I'm also trying to figure out my relationship with my brother Steve. I've told myself over and over that I've forgiven him but it just wasn't true. The amount of tears that happened when I talked to Cate about this (the ease at which I talked to Cate about it was one of the only things that gives me security in the longevity of our friendship) made it pretty obvious that I was totally lying to myself. I think I just kept waiting for forgiveness to be a feeling and it never happened. So I'm thinking, okay, Jesus took forgiveness pretty seriously, perhaps it's not as fleeting as emotion...duh. So it's a decision, it's not a feeling. So I did it. I forgave him. For taking money from my bank when I was little, for scaring me from outside my bedroom window after he got kicked out and making us sneak him food, for selling drugs from my grandma's house...to my favorite person in the world...which killed him. Killed them both in a lot of ways. The fact that no tears are happening while I sit in a coffee shop and write this is my proof. (The fact that I'm listening to Jars of Clay songs that usually make me cry while I do this is definite proof.) Not that there needs to be proof.

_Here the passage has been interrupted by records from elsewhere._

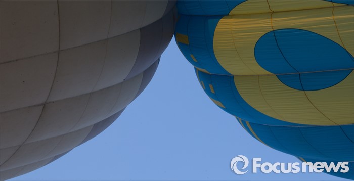 (논산=포커스뉴스) 12일 오전 충남 논산 강경읍 수변공원 일대에서 열린 2015-2016시즌 코리아열기구그랑프리 5차전 ‘오프로드컵’에서 대회에 출전한 선수들이 공중 레이스를 펼치고 있다.
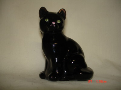 Fenton Sitting Cat - Copper Roses Black Milk Glass
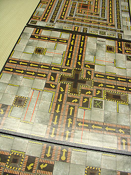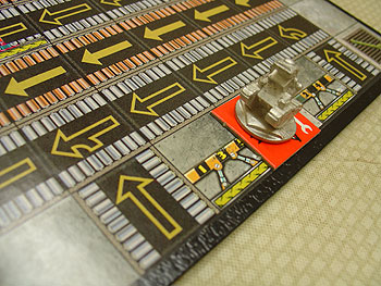 Last night's game of RoboRally had to be paused on account of it being 9pm and way past bedtime. I could only get the boys away from the table if I promised to snap pictures of the game as we left it so we could set it up again and continue it today. B's TrundleBot (above) is way ahead, but S and I still have hopes of getting our little robots all the way through the maze of conveyor belts and lasers safely.
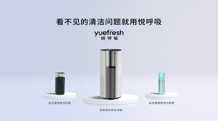 以悦呼吸明星产品“全净器”为例,悦呼吸全净器颠覆传统过滤式净化器科技,采用独家专利——益生菌净化技术,每次喷洒2000000个环境益生菌益生菌,悦呼吸的环境益生菌以病原菌、过敏原等有害物质为营养来源,进行生长繁殖,使得有害物质被分解。
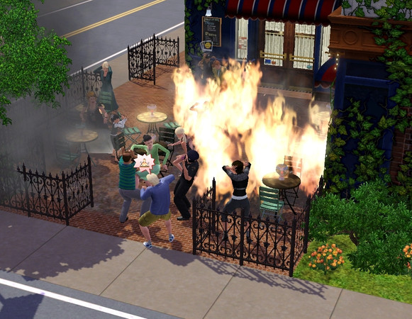 Fire spreading around the cafe area
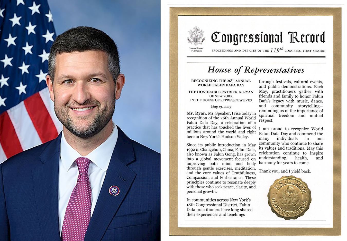 Zastupnik Patrick Ryan objavio je Kongresni zapisnik. U zapisniku piše: „Gospodine predsjedavajući, danas ustajem u znak priznanja 26. godišnjici Svjetskog Falun Dafa dana, slaveći praksu koja je dotakla živote miliona ljudi širom svijeta i ovdje u dolini Hudson u New Yorku.”
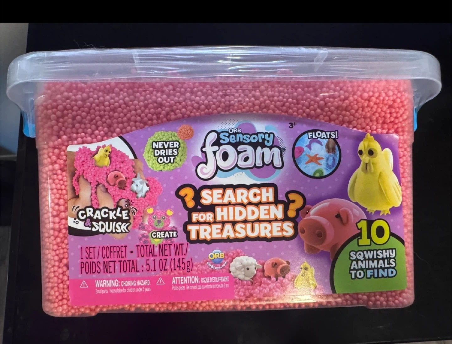 It's a fun, tactile toy that never dries out and even floats. The set includes 10 squishy animals to find, adding an element of surprise and discovery for your little one. Perfect for sensory play and creative crafting!
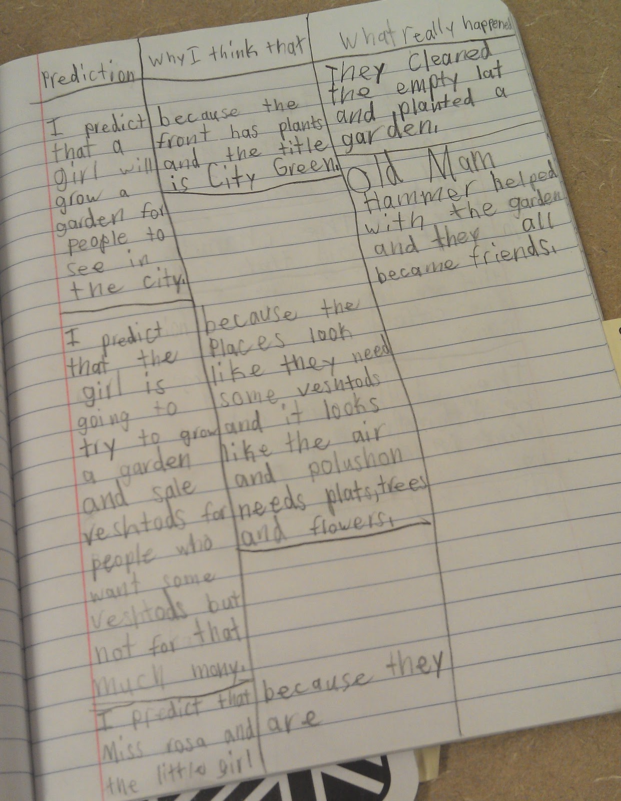 Then students read City Green by DyAnne DiSalvo-Ryan. With this book, students read a few pages at a time independently in a whisper read as I went around and listened. At this time, I assisted students with any word problem-solving. Students also created a chart similar to the anchor chart in the "Strategies" section of their reader's notebooks. As they read, they recorded their predictions, evidence for the prediction, and what really happened. When I listened to each student read, I also reviewed their prediction chart with them.
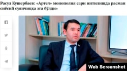 “Artel” монополист эмаслигига ишонгимиз келади, ҳақиқатан де юре у монополист эмас ва бунга интилмаяпти, бироқ де факто интиляпти. Буни импорт маҳсулотларига қўйилаётган турли тўсиқ ва оширилган божлар мисолида кўрса ҳам бўлади… Куни кеча “Artel” “Миллий тикланиш” партиясини танлаганини англадим, партия эмас, “Artel” танлади ва монополия сари интилишда расман сиёсий “криша”га эга бўлди. Энди лоббизм билан расман шуғулланиш ва қонунчилик орқали де юре монопол бўлишга ҳаракат қилиш имконияти пайдо бўлди”, дейди Р.Кушербаев.
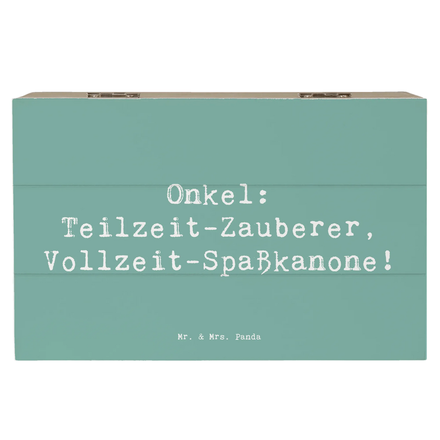 Die wunderschöne Holzkiste von Mr. & Mrs. Panda ist das perfekte Geschenk für den Onkel – einen wichtigen Teil unserer Familie! Mit dem liebevollen Slogan "Onkel: Teilzeit-Zauberer, Vollzeit-Spaßkanone!" wird diese Kiste schnell zu einem besonderen Highlight bei jeder Familienfeier. Sie ist nicht nur ein wahrer Blickfang, sondern bietet auch genügend Platz für all die tollen Erinnerungen, die Du zusammen mit Deinem Onkel gesammelt hast. Ob scrapbooking, Fotos, Briefe oder kleine Schätze aus der Kindheit – alles findet seinen perfekten Platz in dieser stilvollen Erinnerungskiste.
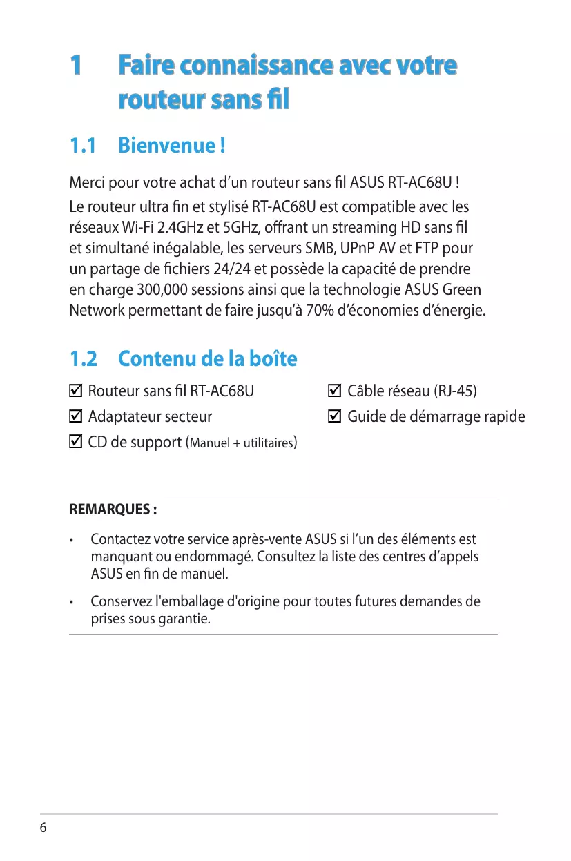 Routeur sans fil RT-AC68U Adaptateur secteur CD de support (Manuel + utilitaires) Câble réseau (RJ-45) Guide de démarrage rapide REMARQUES :
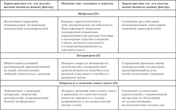 Факторы черт личности, образующие Большую пятерку (O-C-E-A-N)
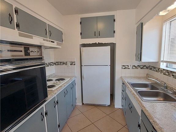This 2 bedroom 1 bath home is located walking distance to Old Town Yucca Valley. This super cute property has a fully fenced yard and a detached 1.5 car garage. Upon entry you will notice the tile flooring and vaulted ceiling in the living room. The kitchen comes with a double sink, refrigerator, electric cooktop and built-in oven. ceiling fans throughout. The hallway is well equipped with an abundance of storage space on both sides. Both bedrooms have brand new carpet. French doors off the living space will lead you to the large covered patio in the spacious backyard.
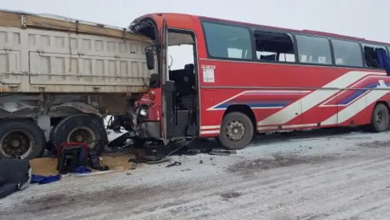 Грузовик и автобус столкнулись в Карагандинской области, один пассажир скончался
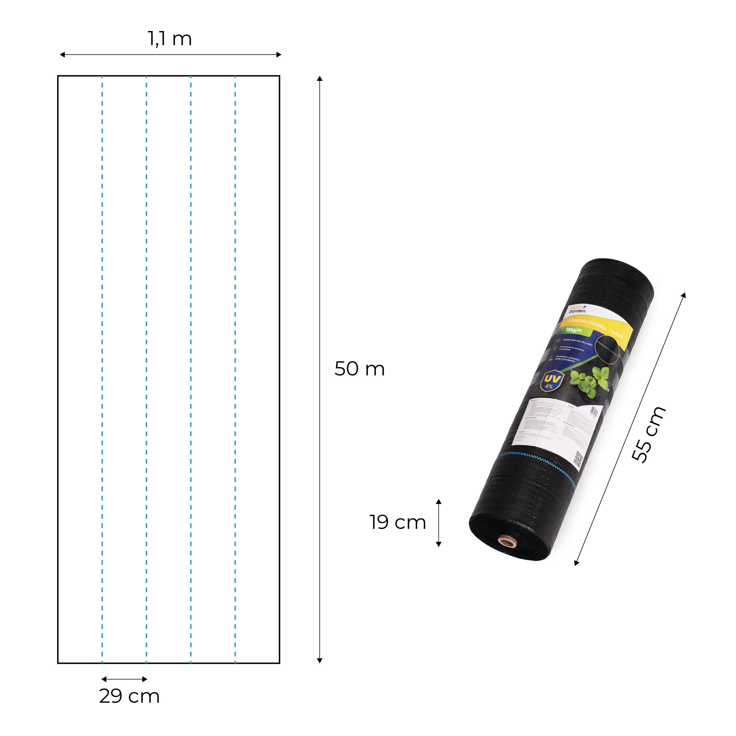 Ohranite vrt čist in brez kemije. Ta profesionalni zastirni agrotekstil z gostim tkanjem blokira svetlobo in tako preprečuje kalitev plevela, hkrati pa omogoča prehod vode in zraka do korenin. Modre vodilne linije na 29 cm olajšajo natančno razporeditev zasaditev za estetski in urejen rezultat.

How sad that my post are never witty or entertaining. Oh well, this blog isn't really for you anyway. I have to go back to putting enormous amounts of music onto my hard drive now. Woo!

Tuesday, June 07, 2005

who is this kid?

What I Remember About the 7th Grade
by Luke Benson

Converse and Vans are running rampant
CSI were the three letters I heard most
Girls passing notes around the classroom
Guys sitting and acting cool

Famous people made a comeback but mostly for the worst
Michael Jackson the prince of pop on trial for child molestation
Britney Spears has a "bun in the oven"
Green Day is a greeting card with a bomb in it, they're nice to see but bad to open

Mrs. Jenson is scary and smells of death
Ms. Myer is awesome and funny
Mrs. Hendrickson is nice and opens your mind
So many teachers some bad but most good

I wresteled for three weeks and broke my wrist
The track team wasn't bad but not the best
And most people were disappointed when the Patriots won, again
Football was short and full of surprises

Megan, Shelby, Lilja, and Ulfers
These were my friends and each unique
Megan and Shelby were stereotyped
And Ulfers and Lilja were stereotypes

I hope not much has changed byu the next time you read this
These days were fun and change isn't always
So when you look back at this old English project
Remember the day that you wrote it


(Mrs. Jenson really is scary and really does smell like death, he's not kidding)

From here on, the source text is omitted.